As of now, my docker-compose.yml looks like this:

version: '2.3'
services:
  app:
    build:
      context: .
      target: dev
    ports:
      - "3030:3030"
    image: myapp:dev
    entrypoint: "/docker-entrypoint-dev.sh"
    command: [ "npm", "run", "watch" ]
    volumes:
      - .:/app/
      - /app/node_modules
    environment:
      NODE_ENV: development
      PORT: 3030
      DATABASE_URL: postgres://postgres:@postgres/mydb

and my Dockerfile is as follow:

# ---- Base ----
#
FROM node:10-slim AS base
ENV PORT 80
ENV HOST 0.0.0.0
EXPOSE 80
WORKDIR /app
COPY ./scripts/docker-entrypoint-dev.sh /
RUN chmod +x /docker-entrypoint-dev.sh
COPY ./scripts/docker-entrypoint.sh /
RUN chmod +x /docker-entrypoint.sh
ENTRYPOINT ["/docker-entrypoint.sh"]
COPY package.json package-lock.json ./

# ---- Dependencies ----
#
FROM base as dependencies
RUN npm cache verify
RUN npm install --production=true
RUN cp -R node_modules node_modules_prod
RUN npm install --production=false

# ---- Development ----
#
FROM dependencies AS dev
ENV NODE_ENV development
COPY . .

# ---- Release ----
#
FROM dependencies AS release
ENV NODE_ENV production
COPY --from=dependencies /app/node_modules_prod ./node_modules
COPY . .
CMD ["npm", "start"]

And in my bitbucket-pipelines.yml I define my pipeline as:

image: node:10.15.3
pipelines:
  default:
    - step:
        name: 'install docker-compose, and run tests'
        script:
          - curl -L "https://github.com/docker/compose/releases/download/1.25.4/docker-compose-$(uname -s)-$(uname -m)" -o /usr/local/bin/docker-compose
          - chmod +x /usr/local/bin/docker-compose
          - docker-compose -v
          - docker-compose run app npm run test
          - echo 'tests done'
        services:
          - docker

However, this example works when I try to use docker without docker-compose, defining my pipeline as:

pipelines:
  default:
    - step:
        name: 'install and run tests'
        script:
          - docker build -t myapp .
          - docker run --entrypoint="" myapp npm run test
          - echo 'done!'
        services:
          - postgres
          - docker

I found this issue (https://jira.atlassian.com/browse/BCLOUD-17319) in atlassian community, however I could not find a solution to fix my broken usecase.
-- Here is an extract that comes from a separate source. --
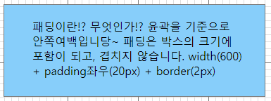 패딩은 윤곽 기준으로, 안쪽여백을 의미 합니다. 박스의 크기에 포함이 되고, 패딩끼리 겹치지 않습니다.

Any suggestions?

Matheus Ianzer
  • 425
  • 8
  • 22
  • I hope that you have solved this problem. For future visitors, please check again with the issue linked above and read through all of the suggestions. I have just added another answer (below) and at https://jira.atlassian.com/browse/BCLOUD-17319?focusedCommentId=2654226&page=com.atlassian.jira.plugin.system.issuetabpanels%3Acomment-tabpanel#comment-2654226 – Jason Harrison Feb 08 '21 at 18:52

2 Answers2

5

I would try to use an image with installed docker-compose already instead of installing it during the pipeline.

image: node:10.15.3
pipelines:
  default:
    - step:
        name: 'run tests'
        script:
          - docker-compose -v
          - docker-compose run app npm run test
          - echo 'tests done'
        services:
          - docker

definitions:
    services:
        docker:
            image: docker/compose:1.25.4

try to add this to your bitbucket-pipelines.yml

if it doesn't work rename docker to customDocker in the definition and in the service sections.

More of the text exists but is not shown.